There's so much "junk" in my inbox that was actually important in the moment,
but by the time it's assuredly useless, a new wave of mail would have pushed
it out of sight and mind.

Service notifications (outage report, terms of service updates, watched Github
repos, 2-factor email auth codes, someone "followed" you), delete after a
week.

Newsletters - delete after a month.

Also merging might be useful - Receipts - merge by month after 6 months (email
templates for each retailer are pretty similar, group the items?), maybe
export to google drive / dropbox and clean itself up from my mailbox.

------
ajcarpy2005
The biggest culprit in an overwhelmingly large inbox is often newsletters
which we signed up for but are no longer interested in reading. Unsubscribing
from these can make e-mail a much more manageable and pleasant experience.

------
mrgriscom
In the ten years I've had gmail I've deleted probably... 10 emails total.
Archiving was one of the core innovations back in 2004 that made gmail be
gmail. I don't understand the people who obsess over the criteria by which
they delete vs. archive emails. I also don't understand the people who never
do either, and have 20k emails in their inbox. The product was clearly
designed to be used in a certain way. What compels people to go against the
grain so doggedly?

------
arnorhs
You know, personal emails to and from friends and family is probably the
smallest part of your gmail used space.

Feel free to never decide whether to delete those emails and keep them
forever.

Also, worth noting, is that gmail shares its storage with google drive and
google+ photos.
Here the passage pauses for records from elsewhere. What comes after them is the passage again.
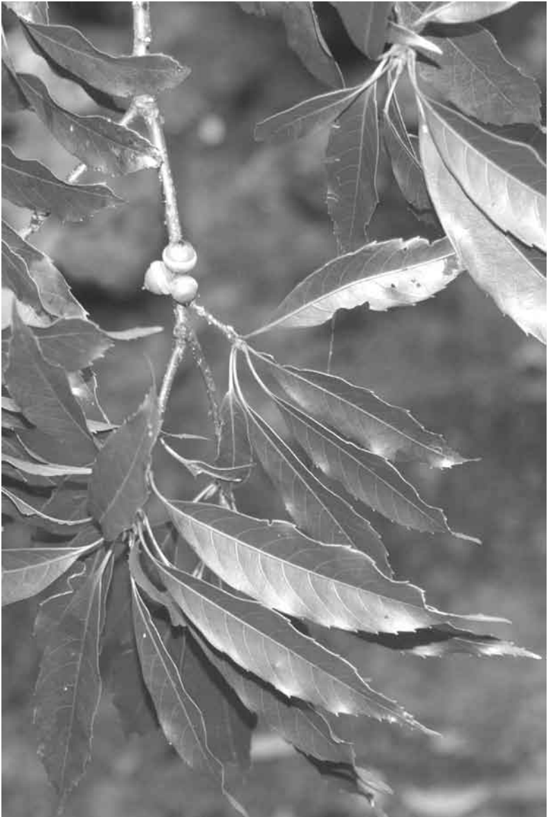
Quercus hondae Kitahara, Shikoku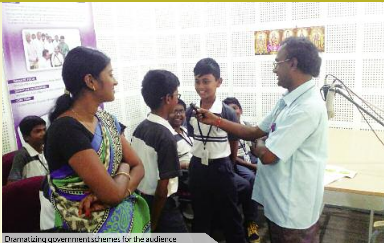
Dramatizing government schemes for the audience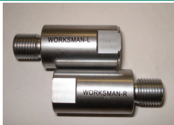
7217-EXT Alloy Pedal Extenders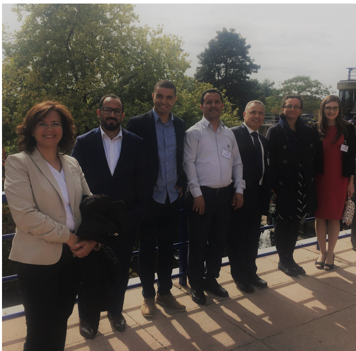
Visiting scholars at the network relaunch meeting at the University of Bath

"The MENASP network has never been more relevant than it is today"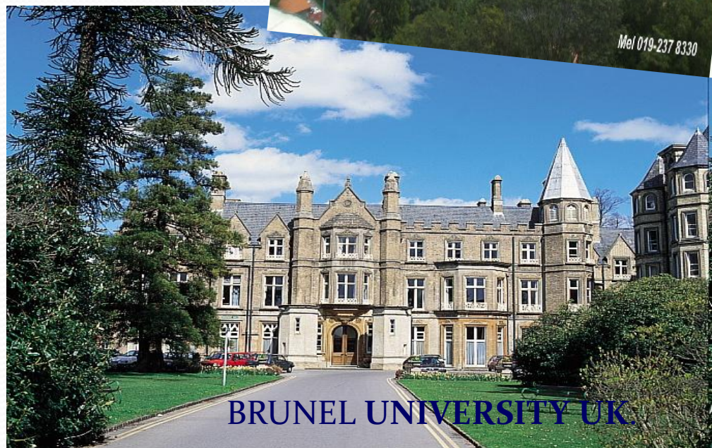
BRUNEL UNIVERSITY UK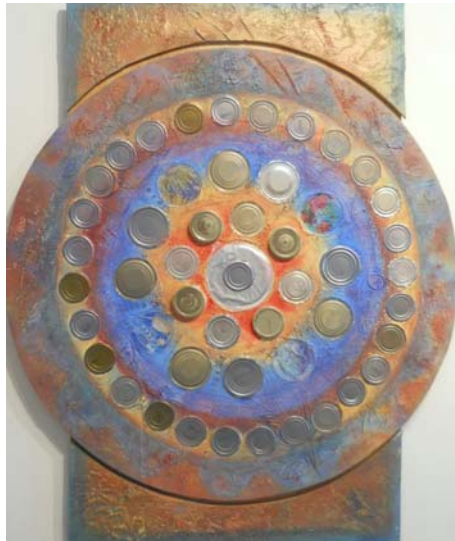
Figure 4. I Hope the End is Joyful, and I Hope Never to Return . In honor of Frida Kahlo. 49.5”h x 40”w. Stained wall compound over plywood, embedded natural objects and food packaging.

beings. Are you human or angelic? Again these circles make reference to the halos of Byzantine icons. In addition to imprinting images from natural plants, I use twine to create a textured line. I have placed the messages from sour cream and yogurt packaging equidistant in the third circle from center. These messages read, “Greek yogurt—more protein, better, healthier option.” “Jumping for joy is good exercise.” “The most precious thing one can make is a friend.” “A smile can start a conversation without saying a word.” The last three messages are brought to you by “Fresh thinking from Daisy,” a part-skim, low fat sour cream. I glazed the background with gold to harken back to Medieval Christian imagery. In honor of Frida Kahlo, I call this work “I Hope the End is Joyful, and I Hope Never to Return,” her last journal entry before dying ( http://www.fridakahlo.com/ ).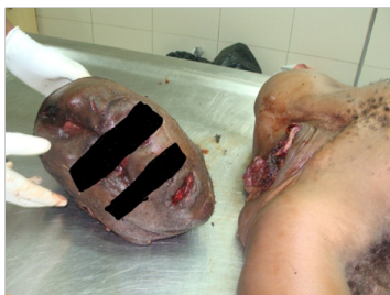
Figure 8. Decapitated Head recovered 10 days after the Crime.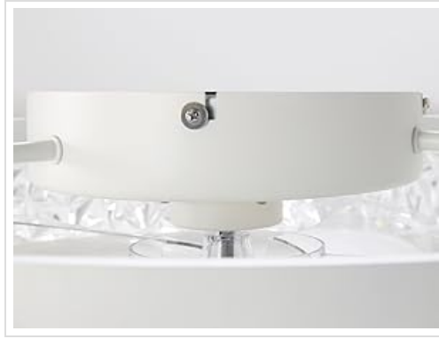
Image: Close-up view of the fan's mounting mechanism, showing how it attaches to the ceiling.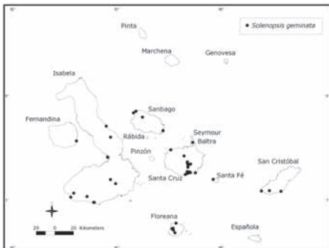
Figure 1. Distribution of Solenopsis geminata in Galapagos.

Islands with a high number of records are probably the result of greater collecting effort rather than reflecting the current abundance and distribution of the fire ants. Indeed, because ant surveys are incomplete, recent reports may not represent the date of arrival of ants at a location and they may have been resident for many years before that. For example, given that S. geminata was first reported from San Cristóbal in 1891 (Brandão & Paiva 1994) and that this species uses nuptial flights to establish new colonies, the lack of records from some islands suggests a need for further sampling rather than a lack of dispersal. On the other hand, some reports have been confirmed as truly recent introductions, such as the new report of S. geminata at Punta Mangle, Fernandina, a location that was monitored for fire ants in 1998 (L. Roque-Albelo & C. Causton unpubl.).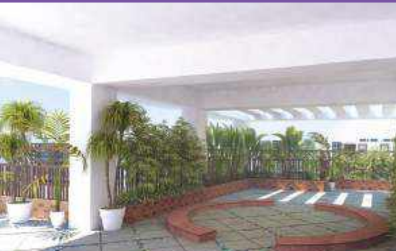
Kids Play Area (Terrace)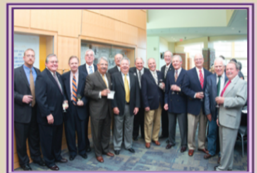
'60s Brothers at the Award Presentation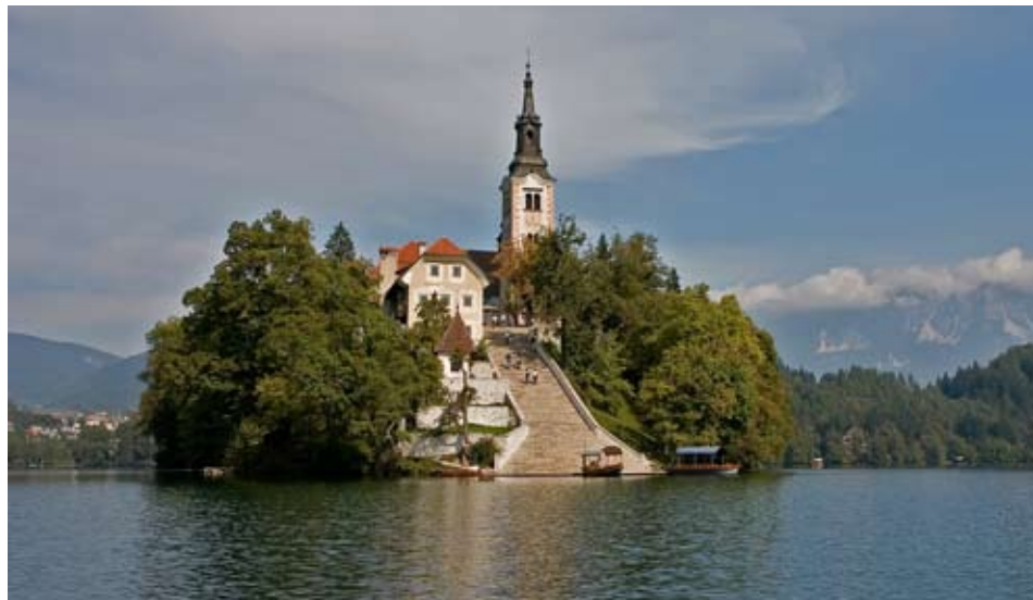
Bled Island – St. Mary Church

After a buffet breakfast at the hotel, check

So if you use a bunch of google drive/ g+ photos, you have
less space for email.

see
[https://support.google.com/drive/answer/6558?hl=en](https://support.google.com/drive/answer/6558?hl=en)

------
pervycreeper
The relevant variable is not strictly the volume of communication, rather the
density of important information contained therein. I frequently get annoyed
by the heaps of redundant and useless verbiage that somehow makes its way to
me. The medium of text messages (especially since smartphones have become
ubiquitous) is probably the worst culprit. We need more incentives to make our
communications concise.

------
kornakiewicz
This guy printed printed all facebook's conversation history with her
girlfriend and gave it for her birthday. I don't think such a thing would be
possible with other ways of communication.

His talks about it on TED talk during public proposal (starts about 11:00)
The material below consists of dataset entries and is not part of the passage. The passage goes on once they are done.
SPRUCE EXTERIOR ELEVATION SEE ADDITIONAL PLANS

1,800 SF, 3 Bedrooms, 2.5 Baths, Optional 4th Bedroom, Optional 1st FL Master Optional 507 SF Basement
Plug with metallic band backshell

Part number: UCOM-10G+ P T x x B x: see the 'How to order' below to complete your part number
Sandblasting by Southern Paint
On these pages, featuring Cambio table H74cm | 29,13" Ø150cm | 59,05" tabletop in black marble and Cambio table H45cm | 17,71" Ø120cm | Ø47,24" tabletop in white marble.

[https://www.youtube.com/watch?v=Bg6tgh7qprw](https://www.youtube.com/watch?v=Bg6tgh7qprw)

------
wazoox
I keep all my email, back to 1997. I only delete (automatically) old mailing
list messages. Why not? From time to time I may dig up some useful information
I forgot.

I even at times run some scripts to get statistics from my email archive; for
instance how many times did I send failed disks to Seagate? Which customer
sends more support requests? etc.

------
code_duck
I'm still miffed that Excite and Netscape deleted mail I had saved from the
earliest days of my internet use. Mail from 2-3 years ago is dull, but after
7-10 it grows historic and nostalgia worthy.

------
frozenport
I have a folder called 'important' that contains sentimental items such as my
college admissions or my first research paper. I dont see why the author
simply doesnt orgonize important stuff!

------
kzrdude
You'll probably tell me it is futile, but I download and archive all my mail
from Gmail using Thunderbird, and make sure my Gmail account only contains the
recent months' worth of email.

------
peter303
People still email me pictures when they should email links.

------
vegabook
12 gig of email is a seriously mismanaged inbox unless you're hoarding
attachments too. I personally have a massive aversion to deleting mail because
I always believe there is that one message that might get me out of the
sh1tter in some edge case NSA/KGB/taxman/exGirlfriend scenario but.... 12
Gig!? That's like 12 copies of the encyclopaedia Britannica. Nobody is that
interesting.

I get 30 mails a day and with minimal every-3-months basic management (10
minutes max each time) I keep it under a gig. This is not that hard. Chucking
stuff out ruthlessly is actually liberating, and the converse is that keeping
all this crud indiscriminately is tantamount to a historic drag on your life.

That said, maybe those new 6-gig spindles have a life after all...